Hi there, had a question on assignment week-2. train_x and test_x are derived by dividing with maximum value i.e. 255. The comment in jupyter notebook says it is standardization. Isnt this normalization ? I mean the minimum value of a pixel in 64x64x3 is 0. So it is basically (x-min)/(max-min) which is normalization as far as i know.
Standardization is with respect to zero mean correct ?
The term “standardise you dataset” is not used as to perform standardisation on the data, but more like, “have your dataset in some sort of standard form”. This can be seen in the markdown, where it is mentioned (former part of the sentence), where it is mentioned, One common preprocessing step in machine learning is to center and standardize your dataset, meaning that you substract the mean of the whole numpy array from each example, and then divide each example by the standard deviation of the whole numpy array.
But the latter half, the important one to note for this particular case, as it is being done in the assignment is, But for picture datasets, it is simpler and more convenient and works almost as well to just divide every row of the dataset by 255 (the maximum value of a pixel channel).
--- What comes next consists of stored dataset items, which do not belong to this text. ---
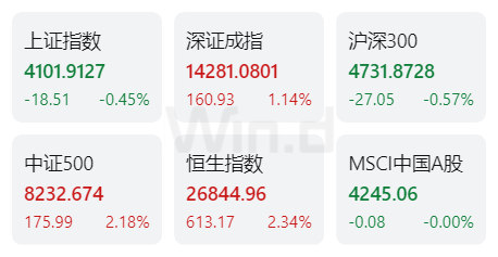 中国市场方面:上证指数下跌0.45%,深证成指上涨1.14%,沪深300指数下跌0.57%,中证500指数上涨2.18;恒生指数上涨2.34%。
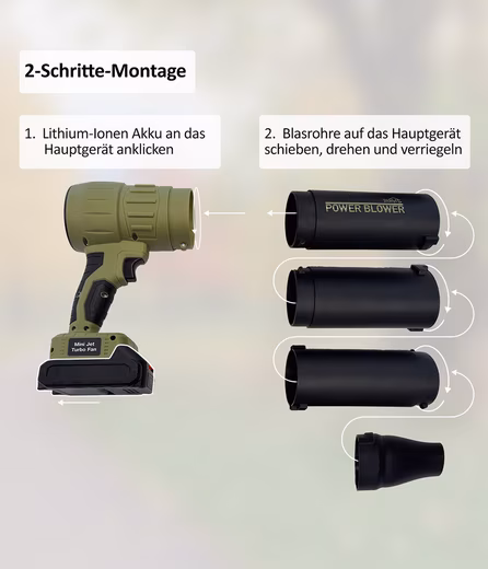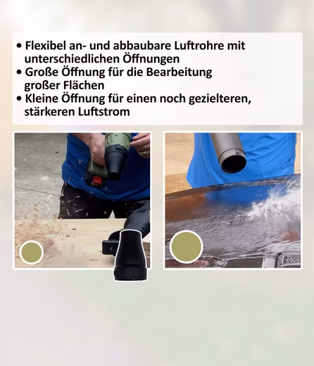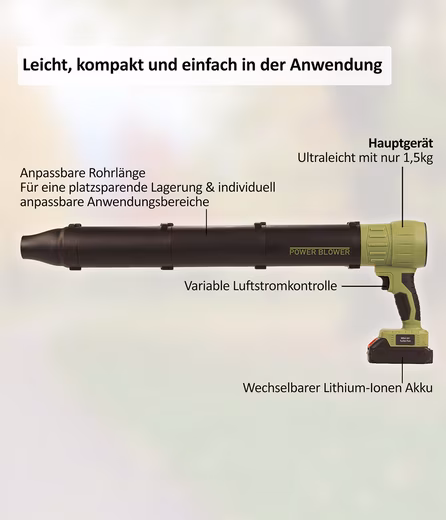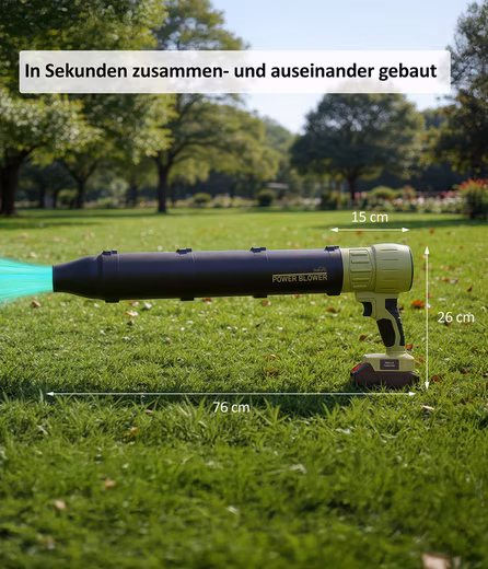 Power Blower Cordless Leaf Blower – a new generation of garden care The Power Blower Cordless Leaf Blower stands for a new generation of garden care. It combines powerful performance with exceptional manoeuvrability. Designed for demanding users who value efficiency, flexibility and convenience, this portable, cordless leaf blower offers an impressive combination of performance, precision and versatility. Whether in the garden, around the house or in the workshop – the Power Blower is used wherever cleanliness is required quickly and thoroughly. Powerful yet ultra-light With a weight of less than 1.5 kilograms, it is one of the lightest cordless leaf blowers in its class. The lightness enables particularly comfortable, one-handed operation, even during longer uses. Despite its compact design, the handheld leaf blower achieves an impressive airflow speed of up to 120 km/h. This means that even stubborn dirt such as wet leaves, fine dust, snow, gravel or water can be removed effortlessly – without any physical exertion. Cordless and intelligent – technology for maximum control The Power Blower is much more than a classic cordless garden blower. One-handed operation ensures a high level of ease of use, while the replaceable lithium-ion battery allows flexible operating times. Thanks to air pipes of different sizes that can be flexibly mounted, the air flow can be used over a large area or with pinpoint accuracy – depending on the requirements. Stepless regulation also allows gentle use in sensitive areas such as flower beds. Whether on meadows, paths, in beds and hedges, on garden furniture, ventilation filters, rain gutters, vehicles, in workshops or on drains – this compact cordless leaf blower shows its strengths everywhere. Even hard-to-reach corners and angled areas can be easily cleaned with the precisely controllable airflow. Design meets functionality In addition to its technical features, the Power Blower impresses with its ergonomic design. Thanks to its compact shape, low weight and intuitive operation, it is the ideal companion for private use. The high-quality workmanship ensures durability and reliability – even with regular use under demanding conditions. A device that sets standards With the Power Blower, cleaning around the house, in the garden or in the workshop is not only easier, but also much more efficient. The combination of strong performance, cordless application and convenient handling makes it an indispensable tool for all those who value cleanliness, order and time savings. Experience a lightweight cordless leaf blower that combines performance, comfort and versatility in perfect balance and changes your cleaning routine for good.
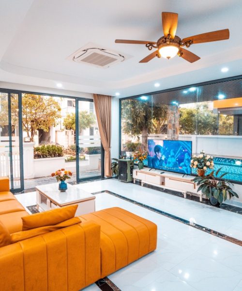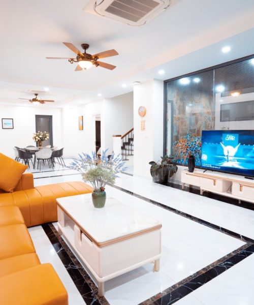 - 1 phòng khách rộng, Tivi 65in, Truyền hình internet Tv, Điều hoà, Wifi, Karaoke
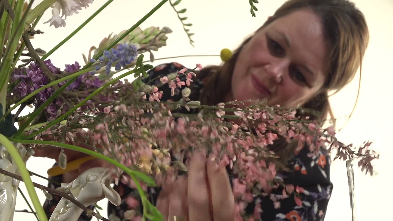 Dutch floral designer Inge Quint shows how to create a fragrant centrepiece with impact! Choosing an antique vase as her base, Inge Quint continues to carefully fill it up with a large variety of wonderfully fragrant spring flowers such as Freesia, Tuberose, Hyacinth, Muscari, Lilac, Matthiola and Genista. This scented spring flower arrangement will definitely turn heads and invite people to have their sniff of spring! Everyone loves the scent of spring.
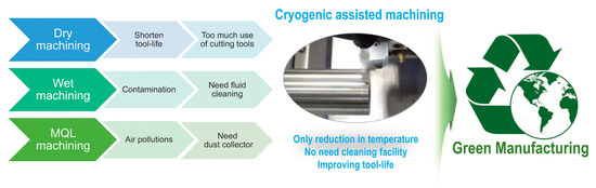 - Zindani, D.; Kumar, K. A brief review on cryogenics in machining process. SN Appl. Sci. 2020, 2, 1107. [Google Scholar] [CrossRef]
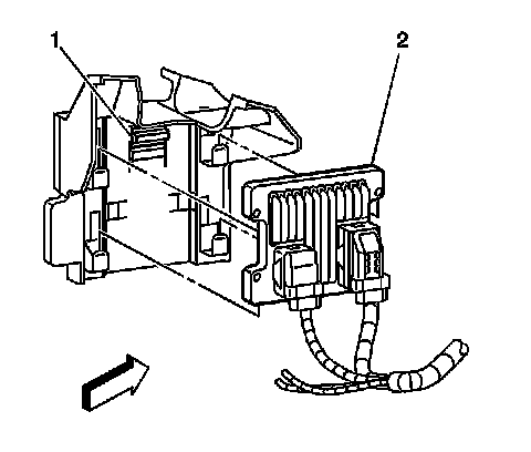1. Slide the PCM into the PCM bracket. The retaining tab (1) will lock in place.
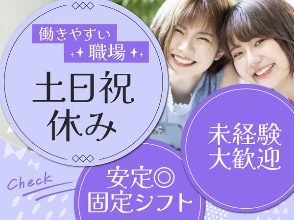 【保険制度】 雇用保険、労災保険、健康保険、厚生年金 待遇 ・社会保険完備(健康・厚生年金・労災・雇用) ・無料健康診断 ・有給休暇 ・産前産後休暇 ・通勤手当 ・育児休暇 ・残業手当 ・昇給制度 ・通勤手当 ・髪色・私服/オフィスカジュアル・シンプルネイルOK ・研修制度 ※転勤なし ※勤務地による、規定あり 受動喫煙対策、契約期間(更新期間)は勤務地により異なります。 詳細は面接時または内定時にお伝えいたします。 <C001KW>
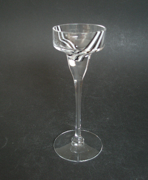 Dating to the 1990s is this pretty candle or tealight holder by Caithness glass. It is in the Charisma pattern first designed by Colin Terris in 1987. This has black and white stripes running through the bowl of the candleholder which was called the Midnight colourway. Etched to the base CAITHNESS
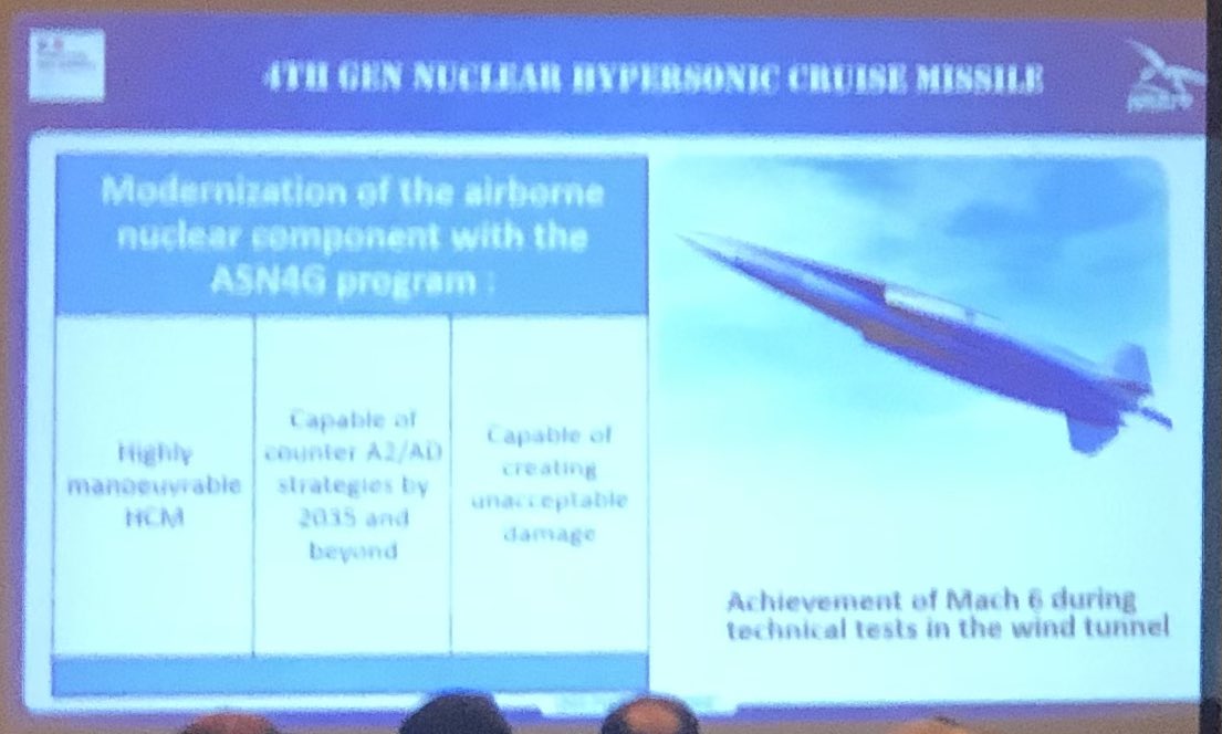 На слайде демонстрируется проект французской ядерной гиперзвуковой крылатой ракеты, которую планируются довести до серийного производства и постановки на вооружение к 2035 году.
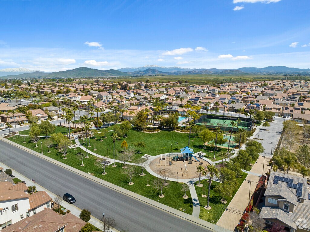 The Roripaugh Ranch HOA features a large lap pool with a connecting splash pool for toddlers and a jacuzzi, plus an adjacent community center. There is also a 22-acre outdoor sports complex. Outside the neighborhood nearby French Valley and downtown Temecula offer a wealth of amenities. The Center for Natural Lands Management owns the land adjacent to the neighborhood, and residents can access a network of bike paths across the street, summitting the aptly named White Cross Trail to stand atop a 1,600-foot peak next to a homemade, life-sized cross. Lake Skinner is about 10 miles east with camping, boating, swimming and horseback riding amid rocky mountains dotted with evergreens. Golfers can choose from over 10 courses nearby, including The Legends Golf Club, which has a picturesque 18-hole course.

Or to state Mubsi’s point in a slightly different way:
When people say “normalization”, that term is usually reserved for “mean normalization”. But for image inputs, the pixel color values are unsigned 8 bit integers with a range 0 - 255. For image data, it is simpler and more effective to simply divide all the pixel color values by 255, which then gives floating point values in the range 0. to 1. Image processing algorithms and rendering algorithms also handle “scaled” images in that form as one of the standard image representations. It’s cheap to compute and gives good behavior, so that is one of the common methods of preparing image data for use with DL algorithms. The term “standardization” is used for this method to distinguish it from “normalization”.